### [TASK ITEM]
In the data that follows, find each line containing "room" and copy it.

══ EXERCISE INPUTS ══

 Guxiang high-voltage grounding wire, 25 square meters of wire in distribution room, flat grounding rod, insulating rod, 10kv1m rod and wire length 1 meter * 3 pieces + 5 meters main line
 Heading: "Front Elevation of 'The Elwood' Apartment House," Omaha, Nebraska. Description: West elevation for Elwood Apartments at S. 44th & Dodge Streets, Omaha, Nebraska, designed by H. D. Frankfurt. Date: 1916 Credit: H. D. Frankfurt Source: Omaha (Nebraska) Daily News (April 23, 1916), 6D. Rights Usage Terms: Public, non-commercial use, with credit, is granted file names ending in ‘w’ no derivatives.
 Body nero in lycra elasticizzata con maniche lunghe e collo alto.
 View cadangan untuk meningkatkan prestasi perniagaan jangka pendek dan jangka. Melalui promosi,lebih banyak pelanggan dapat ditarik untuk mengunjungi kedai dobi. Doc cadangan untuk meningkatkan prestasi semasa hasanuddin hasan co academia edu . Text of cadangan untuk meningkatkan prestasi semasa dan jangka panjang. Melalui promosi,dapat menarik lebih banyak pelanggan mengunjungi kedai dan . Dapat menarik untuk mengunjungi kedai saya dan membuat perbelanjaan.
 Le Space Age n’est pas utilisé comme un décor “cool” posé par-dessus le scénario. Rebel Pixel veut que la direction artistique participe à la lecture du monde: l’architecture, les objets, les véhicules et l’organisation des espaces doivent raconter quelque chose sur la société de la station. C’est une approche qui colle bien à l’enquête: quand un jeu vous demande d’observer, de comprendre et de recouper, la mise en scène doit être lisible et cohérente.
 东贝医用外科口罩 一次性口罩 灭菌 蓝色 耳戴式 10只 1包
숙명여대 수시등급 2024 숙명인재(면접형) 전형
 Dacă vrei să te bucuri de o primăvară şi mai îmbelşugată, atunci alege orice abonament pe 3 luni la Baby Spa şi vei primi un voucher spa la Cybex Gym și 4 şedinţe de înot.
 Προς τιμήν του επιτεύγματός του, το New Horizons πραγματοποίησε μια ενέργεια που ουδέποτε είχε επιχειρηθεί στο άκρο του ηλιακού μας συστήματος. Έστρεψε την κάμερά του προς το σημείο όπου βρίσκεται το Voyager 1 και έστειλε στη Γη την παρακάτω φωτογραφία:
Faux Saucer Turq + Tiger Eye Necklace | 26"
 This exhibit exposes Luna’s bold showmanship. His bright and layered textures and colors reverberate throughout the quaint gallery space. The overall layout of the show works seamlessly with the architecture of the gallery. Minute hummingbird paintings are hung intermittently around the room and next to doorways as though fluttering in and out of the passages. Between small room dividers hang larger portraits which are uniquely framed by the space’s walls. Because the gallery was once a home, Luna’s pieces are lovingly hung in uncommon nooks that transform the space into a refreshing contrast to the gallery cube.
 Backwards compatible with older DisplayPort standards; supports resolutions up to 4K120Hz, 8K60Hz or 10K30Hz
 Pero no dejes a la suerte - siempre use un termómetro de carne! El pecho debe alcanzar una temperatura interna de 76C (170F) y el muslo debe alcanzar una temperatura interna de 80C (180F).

═══

### [TASK SOLUTION]
 Guxiang high-voltage grounding wire, 25 square meters of wire in distribution room, flat grounding rod, insulating rod, 10kv1m rod and wire length 1 meter * 3 pieces + 5 meters main line
 This exhibit exposes Luna’s bold showmanship. His bright and layered textures and colors reverberate throughout the quaint gallery space. The overall layout of the show works seamlessly with the architecture of the gallery. Minute hummingbird paintings are hung intermittently around the room and next to doorways as though fluttering in and out of the passages. Between small room dividers hang larger portraits which are uniquely framed by the space’s walls. Because the gallery was once a home, Luna’s pieces are lovingly hung in uncommon nooks that transform the space into a refreshing contrast to the gallery cube.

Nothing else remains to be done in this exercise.